Open that file and paste this:
#!/bin/bash
date '+%a %d %b %Y'
This will display something like:
Wed 31 Dec 2025
Step 4 – Make the Script Executable
Open Terminal and run:
chmod +x ~/Documents/BitBar/fulldate.1m.sh
Step 5 – Refresh BitBar
Click the BitBar icon in the menu bar and choose Refresh all.
Your menu bar should now show the full date including the year.
Optional: Customize the Date Format
You can change the output by editing the date format string.
European numeric format
date '+%d/%m/%Y'
ISO format
date '+%Y-%m-%d'
Long format
date '+%A %d %B %Y'
Optional: Hide the macOS Clock
If you don’t want both the default clock and BitBar showing at the same time:
- Go to System Settings → Control Center → Clock
- Disable Show in Menu Bar
BitBar will then be your single menu bar date display. If your OS does not permit hiding the macOS clock, you can use a third party app like Bartender. Alternatively you can use the option to choose the analog clock, which only shows a discreet analog clock.
Position the BitBar Date Instead of the macOS Clock
macOS does not allow third-party menu bar items to occupy the absolute far-right system clock position.

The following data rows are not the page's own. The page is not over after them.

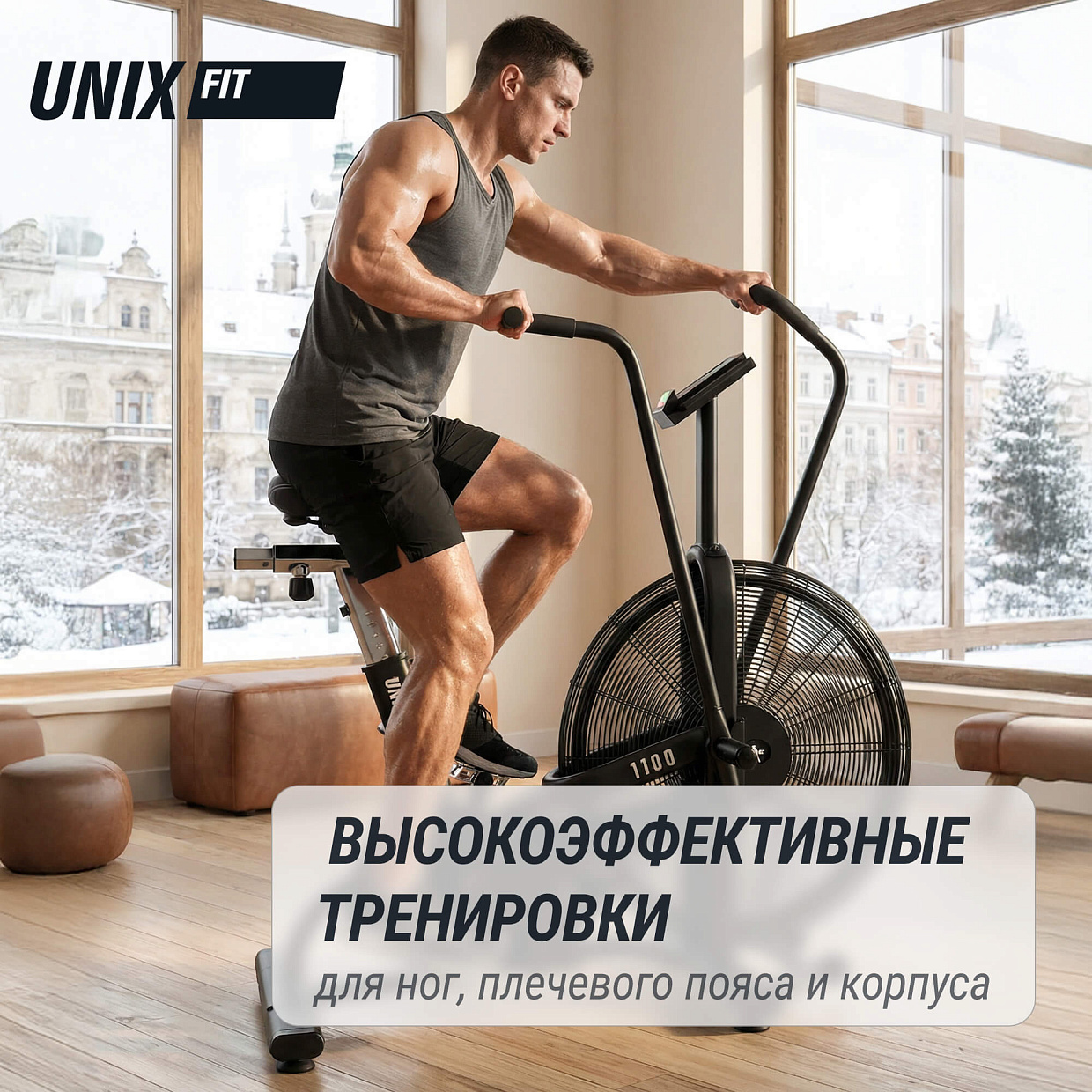 Велотренажер UNIX Fit техно-аэробайк / Techno AirBike 1100 PRO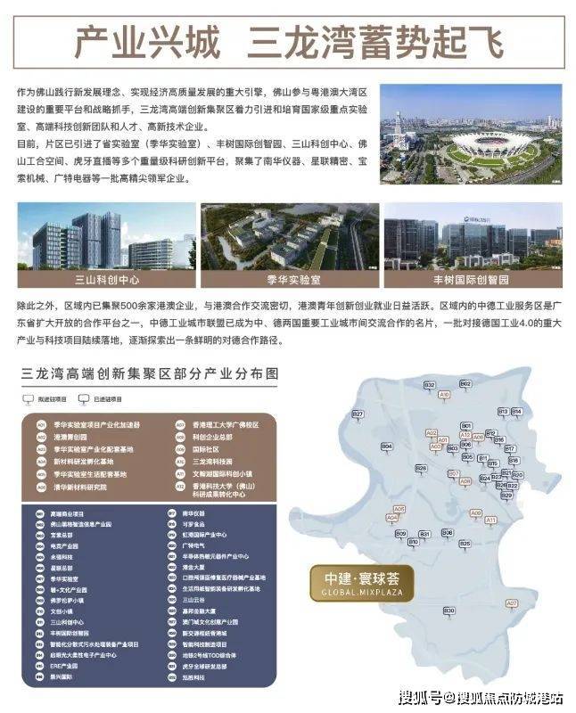 三龙湾作为佛山龙头,着力引进和培养国家级重点实验室、高端科技创新团队和人才、高新技术企业,以超高规格规划实现高端创新集聚,目前,季华实验室(省实验室)、虎牙全球研发总部、阿里云创新中心、欢聚集团等重大产业项日已相继落户。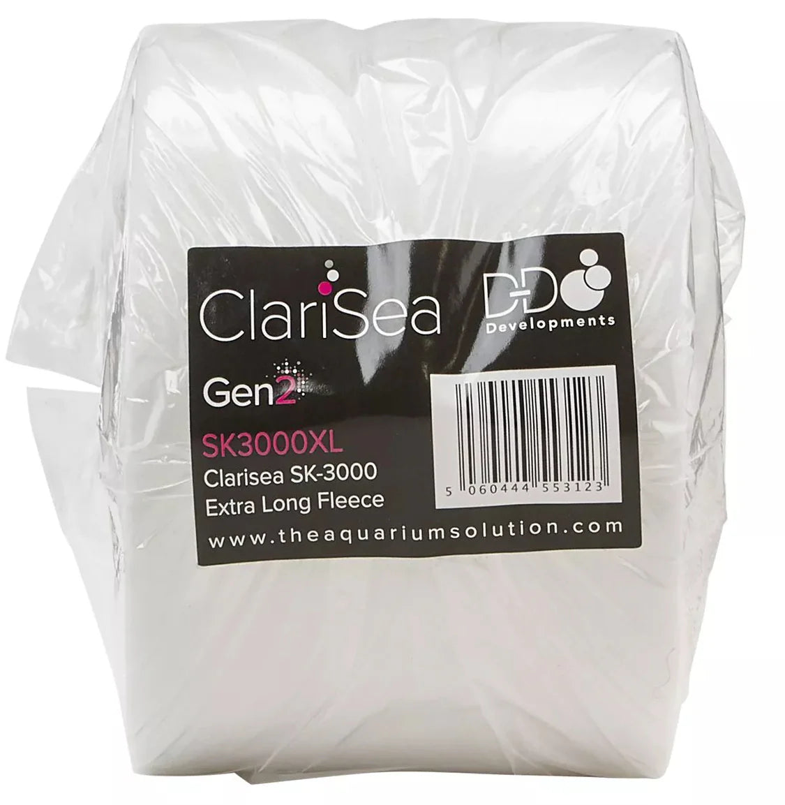 The ClariSea works in exactly the same way except that instead of overflowing and having to change or clean the bag, it automatically rolls on to expose a fresh piece of material. The fresh fleece will allow larger particles to pass through and the dirtier material will stop smaller particles.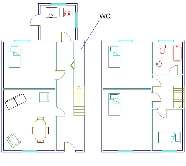 kitchen and living room on the ground floor and a bathroom on the first floor. Each bedroom, as well as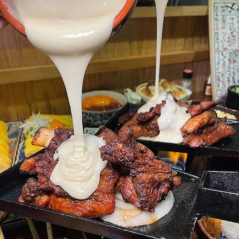 看板メニュー★骨付きカルビ炭火焼き!チーズトッピングも大好評♪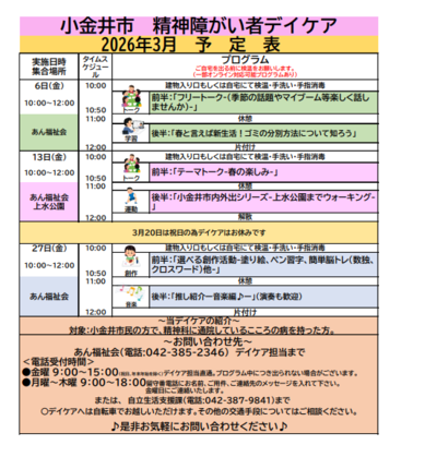 令和8年3月小金井市デイケアプログラム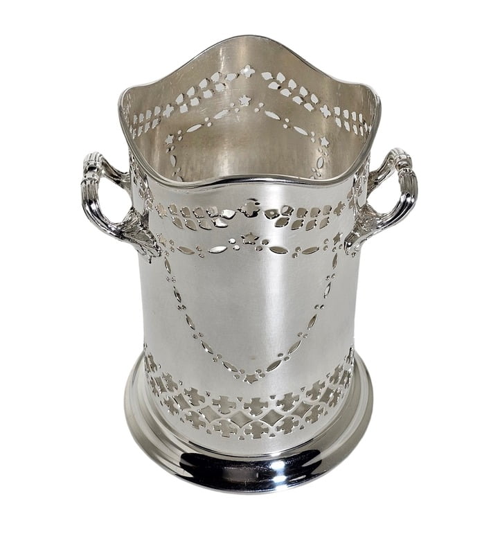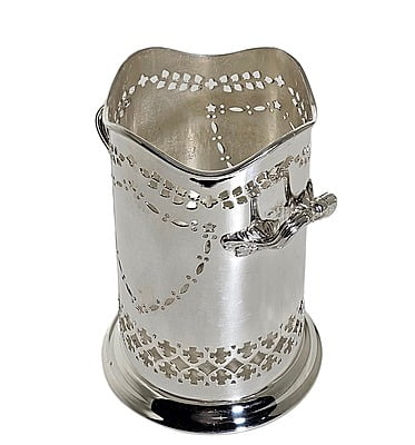 A silver plate syphon stand is a type of holder for a glass bottle that originally contained carbonated water or soda. Syphons were popular in the 19th and early 20th centuries as a way of dispensing fizzy drinks at home or in bars. A syphon stand is usually made of metal, often silver or silver plated, and has a circular opening at the top to fit the base of the bottle. The stand may have handles, feet, or a pedestal to make it easier to carry or display. The stand may also have decorative features, such as piercing, engraving, or motifs.

However, you can place your BitBar date at the rightmost position of the bar so it behaves visually like the built-in one.
- Hold the ⌘ Command key.
- Click and drag the BitBar date item in the menu bar.
- Drag it all the way to the right until it snaps next to the system clock.
- Release the mouse.
The BitBar date will now stay anchored in the rightmost position of the bar.